Problem to solve
Starting at the line below holding "1、点击【融资试算】功能按钮,进入融资计算器页面。" and stopping at the line holding "第2セットも相手サーブに苦しめられます。タイムアウトで顧問から指示を受けます。", print every line exactly, both ends included, and leave the rest out.

Dataset excerpts
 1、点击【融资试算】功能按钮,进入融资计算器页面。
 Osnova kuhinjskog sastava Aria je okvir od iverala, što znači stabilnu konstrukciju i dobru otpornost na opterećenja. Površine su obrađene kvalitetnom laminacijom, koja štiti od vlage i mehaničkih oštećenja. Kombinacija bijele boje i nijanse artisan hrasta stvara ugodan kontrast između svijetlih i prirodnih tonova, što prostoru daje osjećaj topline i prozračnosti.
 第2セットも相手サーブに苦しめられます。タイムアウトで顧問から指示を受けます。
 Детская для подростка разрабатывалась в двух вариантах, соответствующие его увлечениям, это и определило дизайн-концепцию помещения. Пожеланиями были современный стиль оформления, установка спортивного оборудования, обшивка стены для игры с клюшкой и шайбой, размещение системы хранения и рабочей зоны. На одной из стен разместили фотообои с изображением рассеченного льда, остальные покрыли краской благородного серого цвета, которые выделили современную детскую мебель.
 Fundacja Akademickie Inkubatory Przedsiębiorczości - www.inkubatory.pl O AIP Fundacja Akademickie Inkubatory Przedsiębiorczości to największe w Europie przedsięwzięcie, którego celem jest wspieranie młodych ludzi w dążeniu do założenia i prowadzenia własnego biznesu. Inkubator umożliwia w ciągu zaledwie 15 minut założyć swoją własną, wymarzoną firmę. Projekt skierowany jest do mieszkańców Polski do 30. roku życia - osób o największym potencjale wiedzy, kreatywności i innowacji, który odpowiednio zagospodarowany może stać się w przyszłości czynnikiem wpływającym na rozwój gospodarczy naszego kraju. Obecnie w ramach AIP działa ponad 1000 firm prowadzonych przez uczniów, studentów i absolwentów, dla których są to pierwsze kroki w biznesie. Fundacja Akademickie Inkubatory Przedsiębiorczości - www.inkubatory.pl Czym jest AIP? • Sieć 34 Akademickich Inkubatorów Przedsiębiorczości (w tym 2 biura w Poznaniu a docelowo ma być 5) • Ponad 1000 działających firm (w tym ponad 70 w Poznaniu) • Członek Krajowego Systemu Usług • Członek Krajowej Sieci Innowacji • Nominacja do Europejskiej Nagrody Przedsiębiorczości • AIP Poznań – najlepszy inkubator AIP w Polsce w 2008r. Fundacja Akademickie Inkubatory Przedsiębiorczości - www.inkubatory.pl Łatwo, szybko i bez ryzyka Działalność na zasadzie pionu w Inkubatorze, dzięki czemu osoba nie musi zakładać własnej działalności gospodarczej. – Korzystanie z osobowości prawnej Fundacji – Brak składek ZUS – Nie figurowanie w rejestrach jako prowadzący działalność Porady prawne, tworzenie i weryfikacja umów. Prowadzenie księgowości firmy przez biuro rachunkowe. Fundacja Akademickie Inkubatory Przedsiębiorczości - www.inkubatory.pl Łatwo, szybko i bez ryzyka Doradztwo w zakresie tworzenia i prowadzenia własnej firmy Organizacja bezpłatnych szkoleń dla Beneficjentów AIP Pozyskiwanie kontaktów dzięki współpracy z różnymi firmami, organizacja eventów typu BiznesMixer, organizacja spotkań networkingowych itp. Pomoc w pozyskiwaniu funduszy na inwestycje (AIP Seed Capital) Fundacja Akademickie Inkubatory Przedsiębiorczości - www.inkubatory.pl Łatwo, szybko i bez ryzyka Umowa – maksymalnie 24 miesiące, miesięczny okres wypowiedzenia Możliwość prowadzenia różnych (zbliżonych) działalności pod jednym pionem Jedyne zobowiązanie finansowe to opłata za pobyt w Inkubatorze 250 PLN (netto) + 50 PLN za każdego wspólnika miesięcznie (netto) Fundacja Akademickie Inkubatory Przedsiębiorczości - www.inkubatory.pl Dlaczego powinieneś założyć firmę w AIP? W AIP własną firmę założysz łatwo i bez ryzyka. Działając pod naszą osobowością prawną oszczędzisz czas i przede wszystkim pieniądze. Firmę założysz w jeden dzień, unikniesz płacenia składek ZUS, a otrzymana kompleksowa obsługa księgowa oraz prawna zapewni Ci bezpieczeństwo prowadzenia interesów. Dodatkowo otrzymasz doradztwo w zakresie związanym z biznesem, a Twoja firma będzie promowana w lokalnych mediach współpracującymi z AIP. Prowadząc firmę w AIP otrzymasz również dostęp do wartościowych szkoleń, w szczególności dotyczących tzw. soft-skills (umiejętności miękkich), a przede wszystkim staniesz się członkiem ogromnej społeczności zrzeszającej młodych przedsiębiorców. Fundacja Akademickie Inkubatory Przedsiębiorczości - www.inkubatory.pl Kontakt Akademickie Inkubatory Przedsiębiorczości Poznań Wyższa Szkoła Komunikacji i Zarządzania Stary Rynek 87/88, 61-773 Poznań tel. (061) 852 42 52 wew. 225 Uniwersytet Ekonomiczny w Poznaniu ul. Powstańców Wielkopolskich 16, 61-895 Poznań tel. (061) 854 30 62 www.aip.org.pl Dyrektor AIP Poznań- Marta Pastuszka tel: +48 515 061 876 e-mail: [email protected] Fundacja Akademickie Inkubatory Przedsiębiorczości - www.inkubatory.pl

* * *

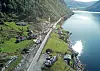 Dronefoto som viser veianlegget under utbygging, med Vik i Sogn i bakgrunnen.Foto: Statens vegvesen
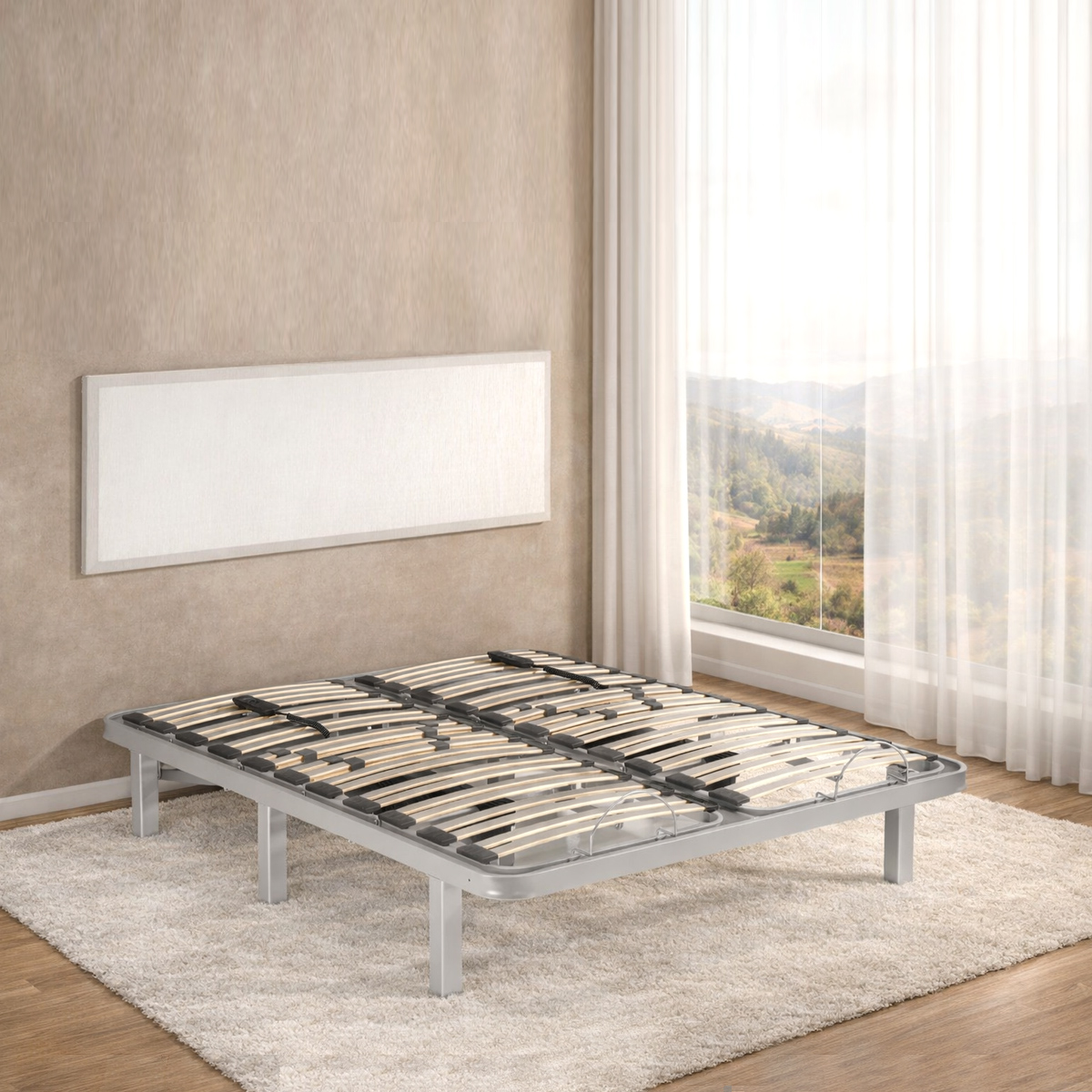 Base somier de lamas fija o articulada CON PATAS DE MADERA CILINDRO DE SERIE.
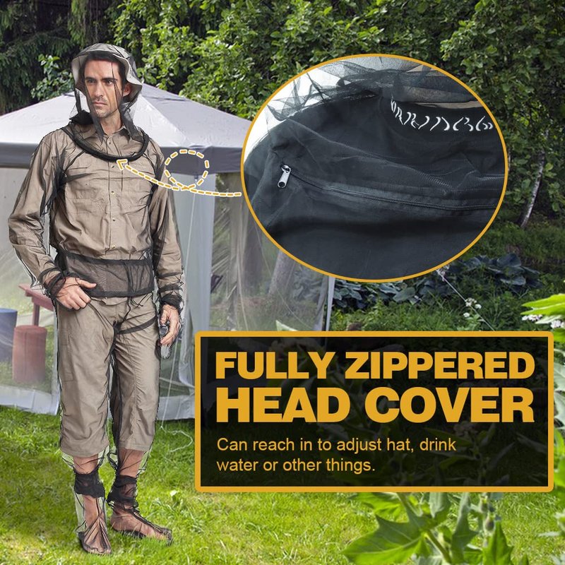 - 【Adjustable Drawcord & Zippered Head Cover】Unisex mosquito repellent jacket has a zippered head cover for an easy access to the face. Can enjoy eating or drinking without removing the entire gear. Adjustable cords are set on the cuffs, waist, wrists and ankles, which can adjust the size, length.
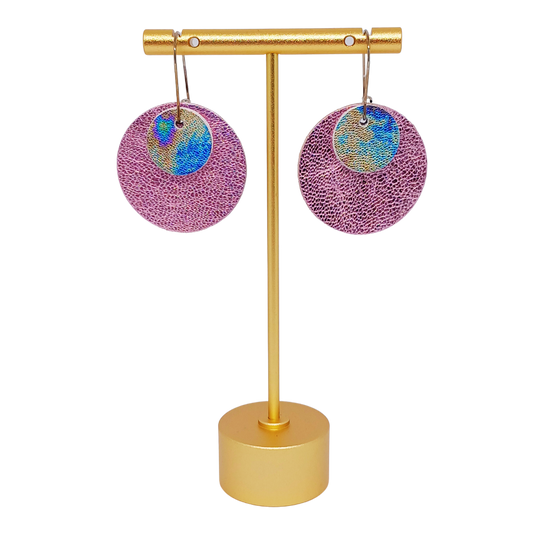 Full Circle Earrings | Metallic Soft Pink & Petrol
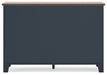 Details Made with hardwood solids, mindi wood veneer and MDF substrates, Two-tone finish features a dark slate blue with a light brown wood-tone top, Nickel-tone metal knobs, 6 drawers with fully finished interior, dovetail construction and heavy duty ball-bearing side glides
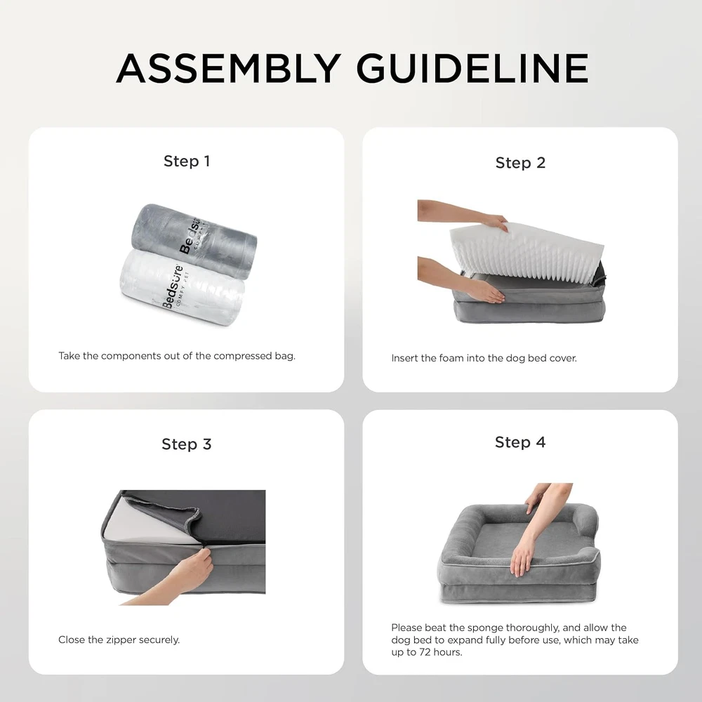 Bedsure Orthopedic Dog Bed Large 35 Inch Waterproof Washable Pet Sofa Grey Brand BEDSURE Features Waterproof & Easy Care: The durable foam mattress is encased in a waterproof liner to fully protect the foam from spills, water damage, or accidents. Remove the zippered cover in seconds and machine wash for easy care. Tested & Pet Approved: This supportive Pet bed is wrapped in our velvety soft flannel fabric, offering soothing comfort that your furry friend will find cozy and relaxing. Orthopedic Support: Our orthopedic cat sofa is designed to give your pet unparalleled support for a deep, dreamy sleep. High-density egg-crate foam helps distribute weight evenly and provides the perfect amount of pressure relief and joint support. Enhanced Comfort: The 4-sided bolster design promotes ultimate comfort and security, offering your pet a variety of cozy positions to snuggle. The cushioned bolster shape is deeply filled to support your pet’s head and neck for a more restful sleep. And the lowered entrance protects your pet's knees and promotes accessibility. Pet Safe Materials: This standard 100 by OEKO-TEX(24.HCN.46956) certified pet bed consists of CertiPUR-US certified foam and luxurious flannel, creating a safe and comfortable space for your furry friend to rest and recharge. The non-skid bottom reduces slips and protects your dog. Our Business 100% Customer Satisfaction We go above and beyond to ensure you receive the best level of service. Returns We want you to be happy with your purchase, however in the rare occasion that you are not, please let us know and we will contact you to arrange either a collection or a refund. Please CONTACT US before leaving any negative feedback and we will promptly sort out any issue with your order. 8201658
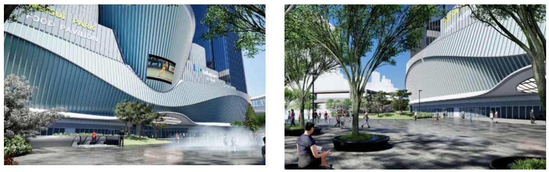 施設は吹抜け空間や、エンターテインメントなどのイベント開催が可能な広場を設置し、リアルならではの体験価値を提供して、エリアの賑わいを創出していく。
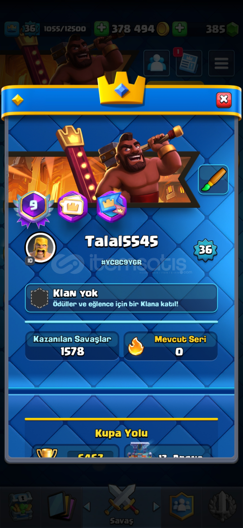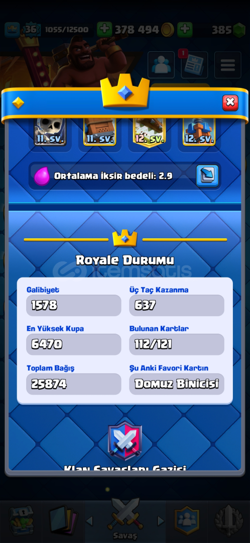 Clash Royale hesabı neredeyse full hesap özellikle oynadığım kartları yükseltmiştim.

---

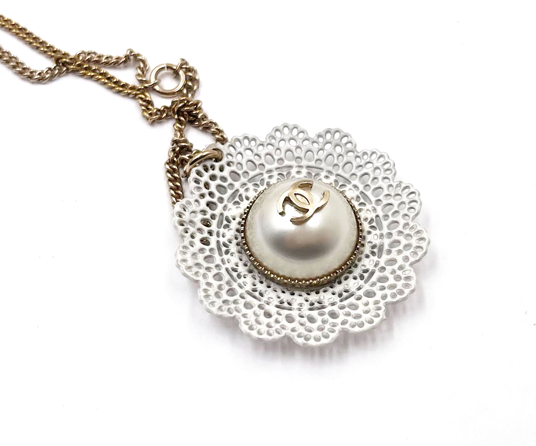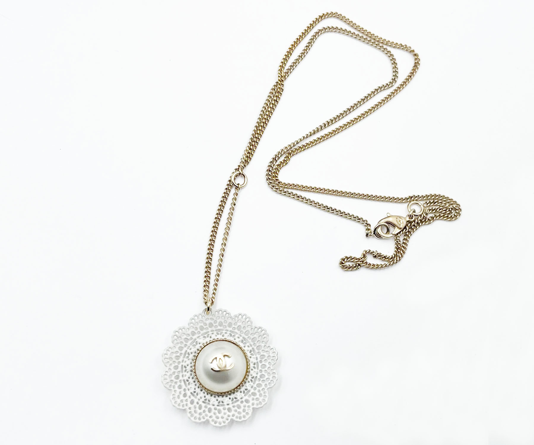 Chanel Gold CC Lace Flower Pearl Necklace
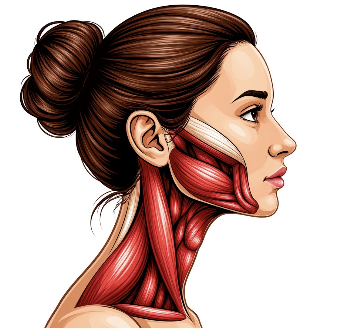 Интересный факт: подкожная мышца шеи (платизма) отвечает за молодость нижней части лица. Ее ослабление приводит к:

Answer for the task
 1、点击【融资试算】功能按钮,进入融资计算器页面。
 Osnova kuhinjskog sastava Aria je okvir od iverala, što znači stabilnu konstrukciju i dobru otpornost na opterećenja. Površine su obrađene kvalitetnom laminacijom, koja štiti od vlage i mehaničkih oštećenja. Kombinacija bijele boje i nijanse artisan hrasta stvara ugodan kontrast između svijetlih i prirodnih tonova, što prostoru daje osjećaj topline i prozračnosti.
 第2セットも相手サーブに苦しめられます。タイムアウトで顧問から指示を受けます。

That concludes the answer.